Davenport also said there are 255,000 gpd of potentially “reclaimed” capacity in Winnsboro from companies that no longer use it. But, again, DHEC has not yet signed off on a request for this capacity.  Until they do, Davenport said there are only 287,000 gpd available though not accessible from Winnsboro.

There is another 250,000 gpd of capacity available from Great Falls, Davenport said, but again it is not accessible unless the county lays 20 miles of collection lines at a cost of $30 million. He said that is not a prudent use of county funds considering the county can build a new wwtp that adds 2 – 3million gpd of capacity for only $32 million.

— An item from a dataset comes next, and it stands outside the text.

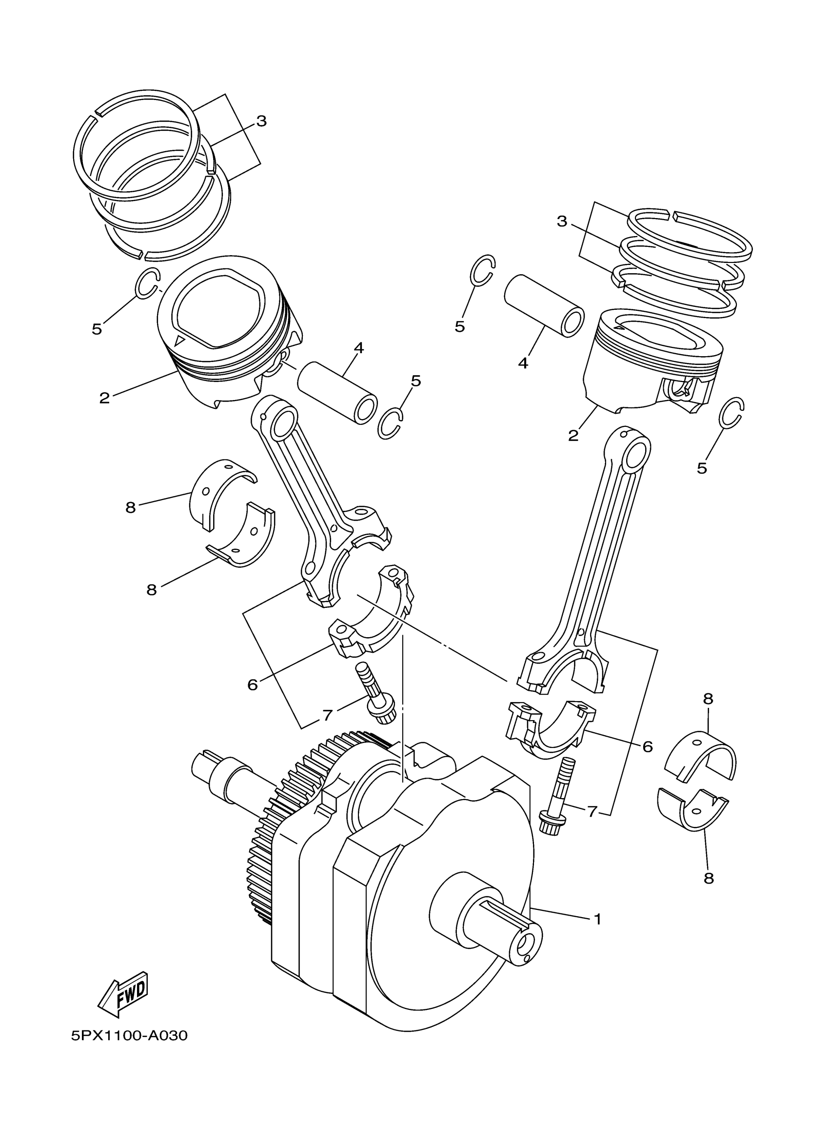 Yamaha XV17PCTCB (ROAD STAR MIDNIGHT WARRIOR CA) 2D82 2005 CRANKSHAFT PISTON Diagram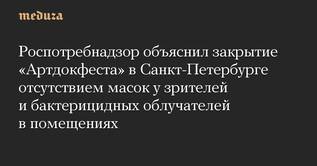 Роспотребнадзор объяснил закрытие «Артдокфеста» в Санкт-Петербурге отсутствием масок у зрителей и бактерицидных облучателей в помещениях

Let’s face it, the longer Fairfield kicks the wwpt down the road, the longer and less likely it will be for Fairfield County to be able to provide better housing, good jobs and higher wages. We can’t wait. We need them now. I should think that everybody in the county would WANT this sooner rather than later.

Don’t let the CC/CC folks talk us into missing that boat.

Vote for a better life.

This council has raised the bar. They’ve done more to bring industry and good paying jobs to Fairfield than any council in years. Why change the balance of power at this critical time and take a chance on someone who isn’t proven.

A vote for Neil Robinson (Dist. 6), Bertha Goins (Dist. 4) and Jimmy Ray Douglas (Dist. 2) for county council is a vote for more industry, more jobs, better housing and greater prosperity for Fairfield County. Vote on or before Nov. 3.